Kultur auf Schritt für Tritt

27.11.11

Nachdem wir uns die Riviera oder besser gesagt die Côte d`Azur angesehen haben, geht unsere Reise weiter in die Toskana und ganz genau in die Hauptstadt der Toskana. Richtig, wir sind in Firenze (Florenz). Hier findet am 1. Advent und das schon zum 28. Mal der Firenze Marathon statt, an dem ich teilnehme.

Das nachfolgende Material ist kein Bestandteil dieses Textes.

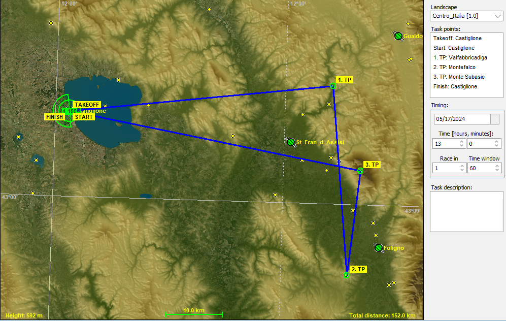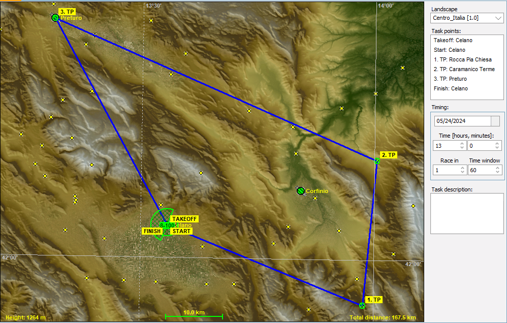 内陸のサーマルレース。ゴール直前にSeguiさんのシーナリーで良く見る気球がぷかぷか浮かんでいます。ちょうどゴール高度ギリギリのところにいるので注意して下さい。引っかけるとグライダーは翼がもげます。

Hier ein paar Fakten zur Stadt. Florenz ist die Hauptstadt der Toskana mit rund 375.000 Einwohnern. Sie ist Mittelpunkt einer Metropolregion wo rund 1,5 Mill. Menschen leben. Durch die Stadt fließt der Arno. Von Norden her kommt der Mugnone der in den Arno fließt. Die Stadt grenzt im Norden an die toskanisch-emilianischen Apenninen, im Süden sind die sanften Hügel des Chianti.

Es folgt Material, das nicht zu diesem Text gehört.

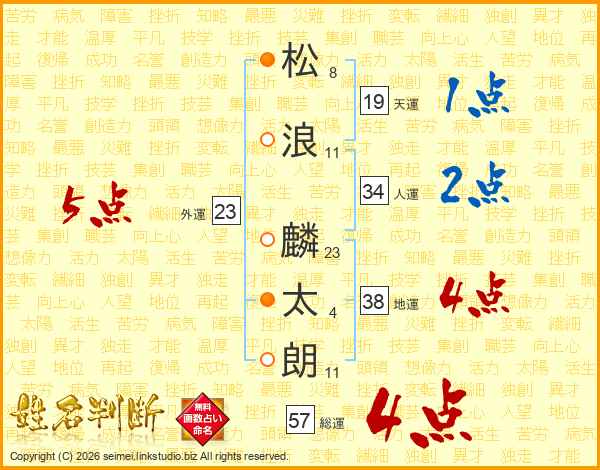 松(8画)浪(11画) 麟(23画)太(4画)朗(11画)

Das Zentrum der historischen Altstadt ist die Piazza della Signoria mit der Kopie von Michelangelos Statue David und dem Neptunbrunnen. Auch der Palazzo Vecchio und die Loggia die Lanzi liegen am Platz. Außergewöhnlich ist auch die von den Etruskern gebaute Ponte Veccio, die die Uffizien mit dem Palast der Medici verbindet. Die wohl schönste Kirche ist die Santa Maria del Fiore mit ihrer eindrucksvollen Kuppel. Wer den Arno überschreitet, sollte in den Palazzo Pitti gehen, in dem die ehemalige private Sammlung der Medici ist. Am Palast befindet sich der eindrucksvoll gestaltete Boboli-Garten mit vielen Skulpturen von dem man einen herrlichen Blick über die Altstadt hat. Förderer der damaligen Bauten waren reiche Bankiers und Kaufleute. Bei der Aufnahme der historischen Altstadt von Florenz in das UNSECO-Welterbe hieß es im Antrag: „Jede Rechtfertigung wäre lächerlich und unverfroren", da sich hier die „weltgrößte Anhäufung universell bekannter Kunstwerke“ befinde. Da ich nicht unverfroren sein will gehe ich nun weiter zum Ereignis dieses Wochenendes, dem Marathon.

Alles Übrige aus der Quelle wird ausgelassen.